Once you are registered create the data cluster of master and slave nodes These nodes will come pre-configured with Apache Hadoop and Spark components.

Go to Menu -> Big Data -> DataProc -> Clusters

We will create 5 worker nodes and 1 master node using the N1 series General-Purpose machine with 4vCPU and 15 GB memory and a disk size of 32-50 GB for all nodes. You can see the cost of your machine configuration per hour.
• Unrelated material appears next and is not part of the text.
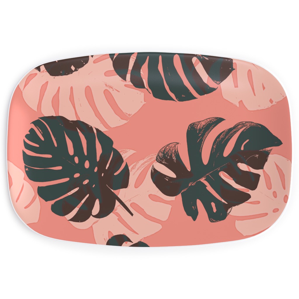 A pink Monstera Leaves serving platter made of scratch-resistant melamine, dishwasher safe and non-toxic.

Using machines with more memory, computing power, etc will cost more per hourly use.

Allow API access to all google Cloud services in the project.

To view the individual nodes in the cluster go to Menu -> Virtual Machines -> VM Instances

Ensure that Dataproc, Compute Engine, and Cloud Storage APIs are all enabled

Go to Menu -> API & Services -> Library.
Search for the API name and enable them if they are not already enabled.

'Create a Cloud Storage Bucket by going from Menu -> Storage -> Browser -> Create Bucket' Make a note of the bucket name.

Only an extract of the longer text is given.